Завыл пес в подворотне, зашуршала метла за печкой. После того случая у реки Сысой невзначай встречался с посадской девкой Мухиной. Она смущалась, прятала лицо, постреливая на него большими синими глазами, и он при тех встречах чувствовал себя неловко. Удивляясь странному томлению воспоминаний, подумал: «Судьбу на лихом коне не объедешь». Настораживая родню необычной покорностью, вздохнул:

— Как решите, так и будет. И жениться большой нужды нет, и отказываться не для чего… Если жить, как вы!

И опять, озадачив всех, спросил:

— А купец Мухин Иван, живой ли?

— Давно помер! — ответил дядя, удивленно поднимая брови: — Он ведь старше твоего деда.

Случайно помянув новопреставленного Александра Петровича, все встали, стали креститься и кланяться на образа.

Ушли старики в другой мир, и ничего не изменилось в доме. Теперь Филипп Александрович садился на хозяйское место под образа, требовал, чтобы трапеза шла пристойно. Его жена Феня собирала домочадцев на молитвы, следила за соблюдением праздников и обрядности.

Филипп, в делах и заботах, крестился наспех, а то и отлынивал от молитвы. Феня стыдила его, молилась за грешного и он, совестясь, покорно вставал к образам, поднимал руку ко лбу, да, бывало, застынет так, а то еще и обернется, не опуская щепоти:

— Федька, куда хомут дел? — шипел на сына.

— На место клал, — шепотом оправдывался тот, — Данилка после кобылу запрягал.

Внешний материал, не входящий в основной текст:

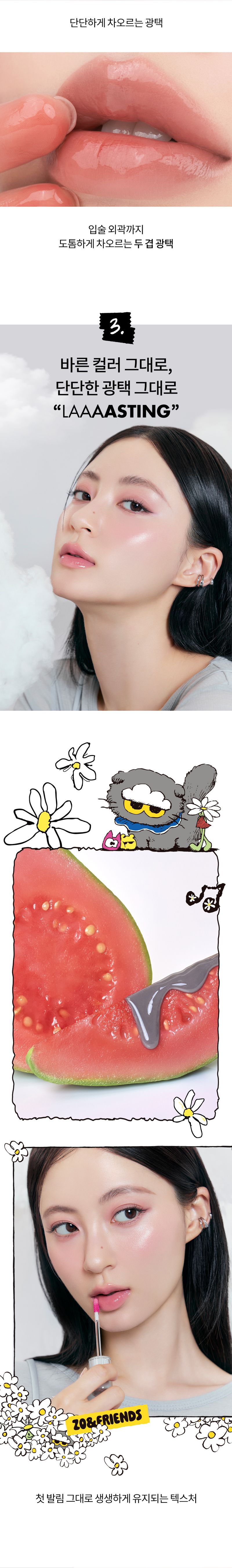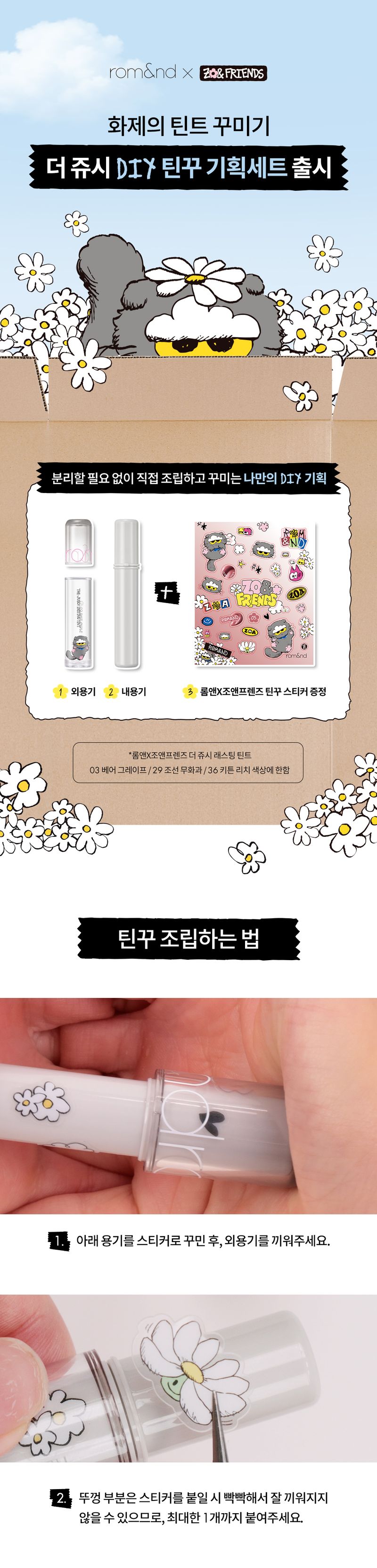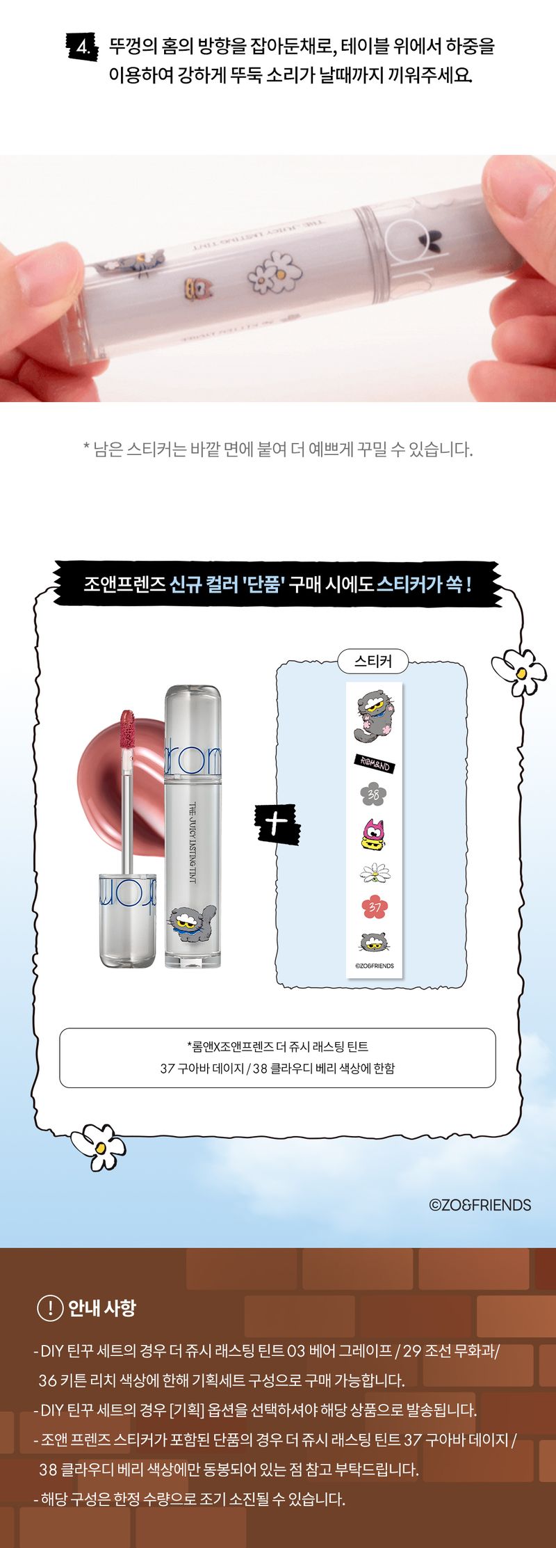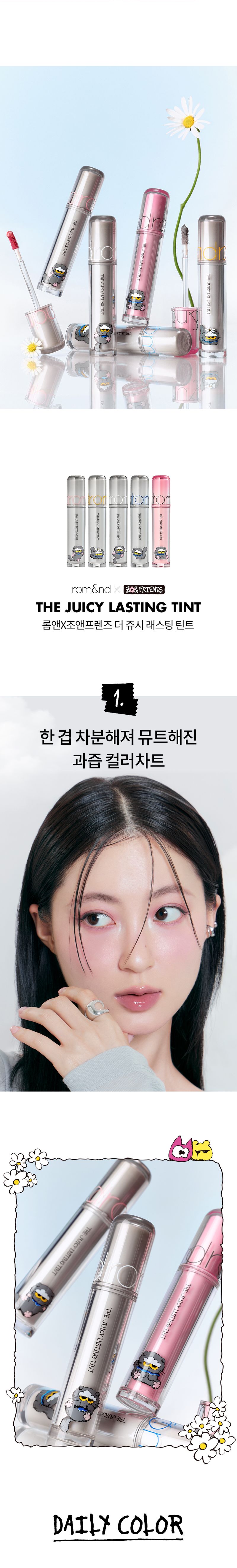 - 結合 Rom&nd 的人氣唇釉「Juicy Lasting Tint」與 ZO&FRIENDS 的可愛角色設計。

Филипп, все еще со щепотью у лба, глядел в другую сторону и приглушенным голосом костерил племянника. Затем, оправдываясь перед женой, поворачивался к иконам, крестился быстрей, ревностней, кланялся глубже и чувственней.

Утром, чуть свет, выводили из конюшни теплых, дышащих паром лошадей, запрягали в сани, растворяли тяжелые ворота и выезжали на восход, кутаясь в теплые шубы и тулупы, ношеные дедом и прадедом. Синел снег, потом алел. Где-то за урманом, за морями вставала на крыло птица зоревая, рассветная, тропила путь солнцу, пускала золотые стрелы от Камчатки до Чухонских болот. Их блеск бередил души.